» **Work instructions**
When you retype the data, keep every word exactly and include none of the pictures.

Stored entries
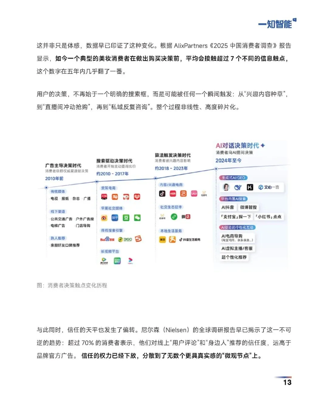 消费者决策路径的碎片化让品牌营销难上加难。调研显示,典型美妆消费者在购买决策前平均会接触超过 7 个不同信息触点,这个数字五年内几乎翻了一番。用户决策不再是线性的 “搜索 - 比价 - 购买”,可能从小红书种草开始,在直播间下单,又到私域咨询售后,整个过程混乱无序。而且,消费者信任逻辑也在变化,而且超过 70% 的消费者对线上用户评论和身边人推荐的信任度,远高于品牌官方广告。
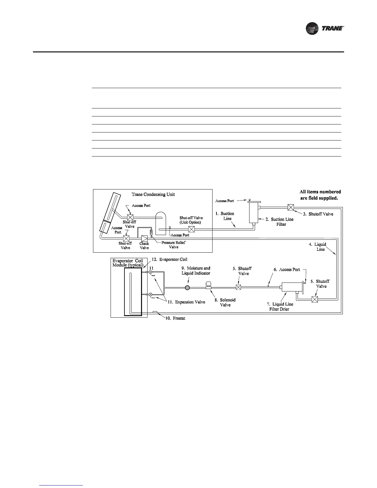 (4)Interconnecting Liquid Line Tubing. If risers exceed 10 feet, Trane must review the application
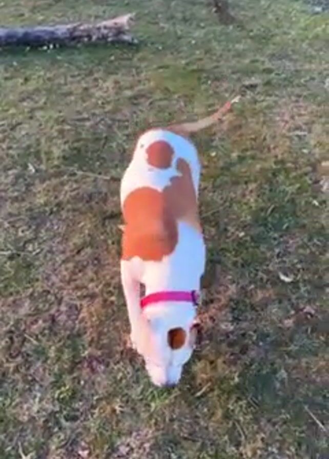 A white and brown dog wearing a pink collar sniffs the ground in a grassy field
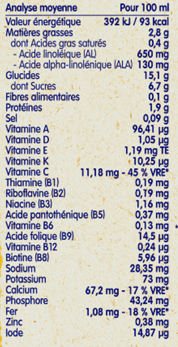 Ingrédients : Lait écrémé 46,1 % (LAIT) - Eau - Maltodextrine - Huiles végétales [colza, tournesol, palme (SOJA)] - Farine [blé 2,4% (GLUTEN), riz 0,05 %] - Sucre - Amidon de maïs - Lait écrémé en poudre 0,8 % (LAIT) - Lactose (LAIT) - Lait entier en poudre 0,3 %(LAIT) - Caramel (sucre, eau) - Correcteurs d'acidité : hydroxyde de potassium, carbonate de calcium - Emulsifiant : lécithine de soja (SOJA) - Arôme - Minéraux (bicarbonate de sodium, pyrophosphate ferrique, sulfate de zinc, iodure de potassium) - Vitamines (A,B1, B2, B3, B5, B6, B8, B9, B12, C, D3, E, K1).
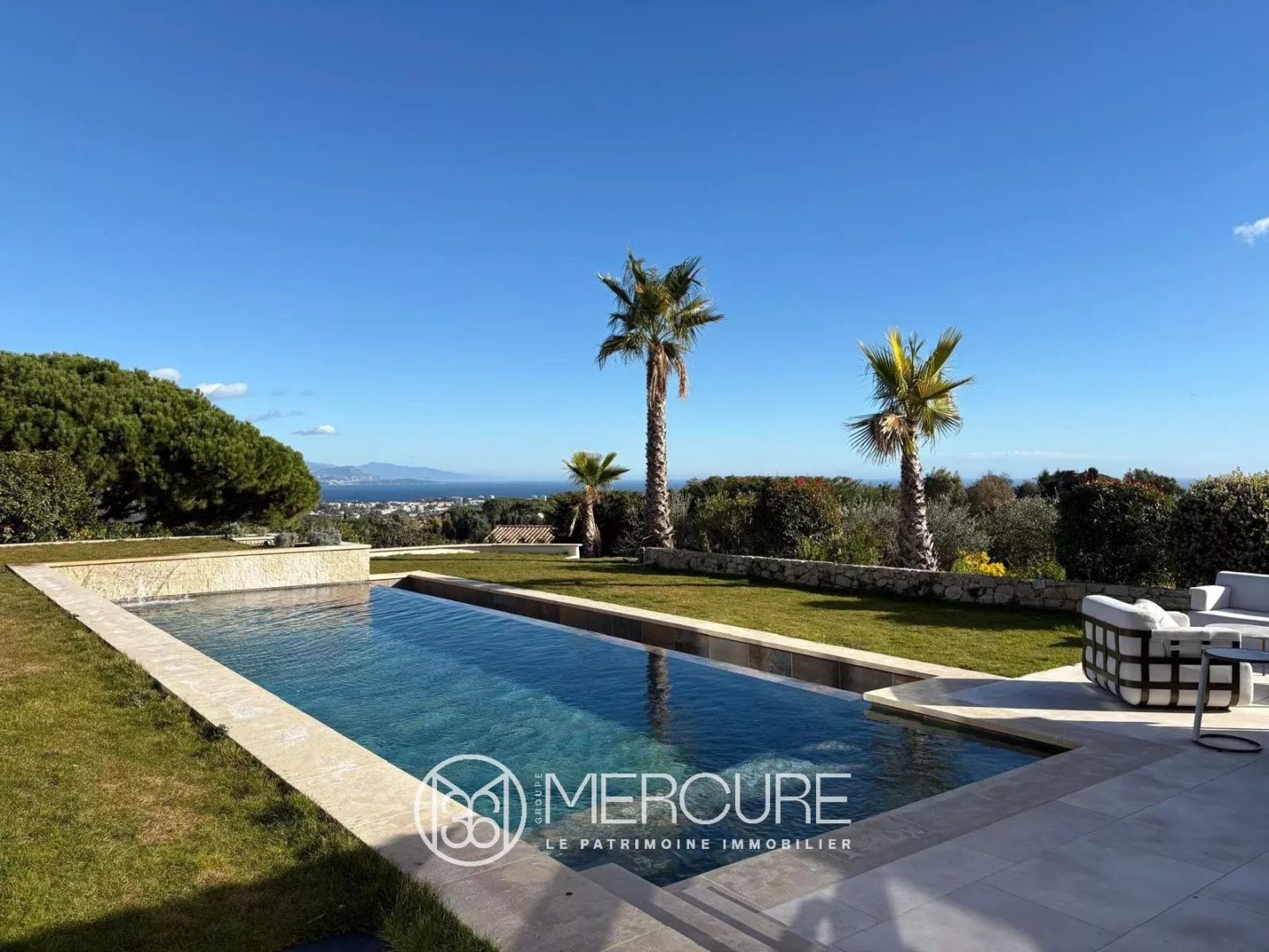 Located atop the residential hill of Super Cannes, easily accessible yet secure within a small gated community, this magnificent, recently built architect-designed property of approximately 400 sq m boasts luxurious amenities and a level of quality and finish worthy of a jewel of the French Riviera. Dominating the entire hillside, it offers breathtaking panoramic views of the sea and snow-capped mountains from every room, terrace, and expanse of its splendid Mediterranean garden surrounding the pool house, infinity pool, and jacuzzi.

» **Answer section**
 消费者决策路径的碎片化让品牌营销难上加难。调研显示,典型美妆消费者在购买决策前平均会接触超过 7 个不同信息触点,这个数字五年内几乎翻了一番。用户决策不再是线性的 “搜索 - 比价 - 购买”,可能从小红书种草开始,在直播间下单,又到私域咨询售后,整个过程混乱无序。而且,消费者信任逻辑也在变化,而且超过 70% 的消费者对线上用户评论和身边人推荐的信任度,远高于品牌官方广告。
 (4)Interconnecting Liquid Line Tubing. If risers exceed 10 feet, Trane must review the application
 A white and brown dog wearing a pink collar sniffs the ground in a grassy field
 Ingrédients : Lait écrémé 46,1 % (LAIT) - Eau - Maltodextrine - Huiles végétales [colza, tournesol, palme (SOJA)] - Farine [blé 2,4% (GLUTEN), riz 0,05 %] - Sucre - Amidon de maïs - Lait écrémé en poudre 0,8 % (LAIT) - Lactose (LAIT) - Lait entier en poudre 0,3 %(LAIT) - Caramel (sucre, eau) - Correcteurs d'acidité : hydroxyde de potassium, carbonate de calcium - Emulsifiant : lécithine de soja (SOJA) - Arôme - Minéraux (bicarbonate de sodium, pyrophosphate ferrique, sulfate de zinc, iodure de potassium) - Vitamines (A,B1, B2, B3, B5, B6, B8, B9, B12, C, D3, E, K1).
 Located atop the residential hill of Super Cannes, easily accessible yet secure within a small gated community, this magnificent, recently built architect-designed property of approximately 400 sq m boasts luxurious amenities and a level of quality and finish worthy of a jewel of the French Riviera. Dominating the entire hillside, it offers breathtaking panoramic views of the sea and snow-capped mountains from every room, terrace, and expanse of its splendid Mediterranean garden surrounding the pool house, infinity pool, and jacuzzi.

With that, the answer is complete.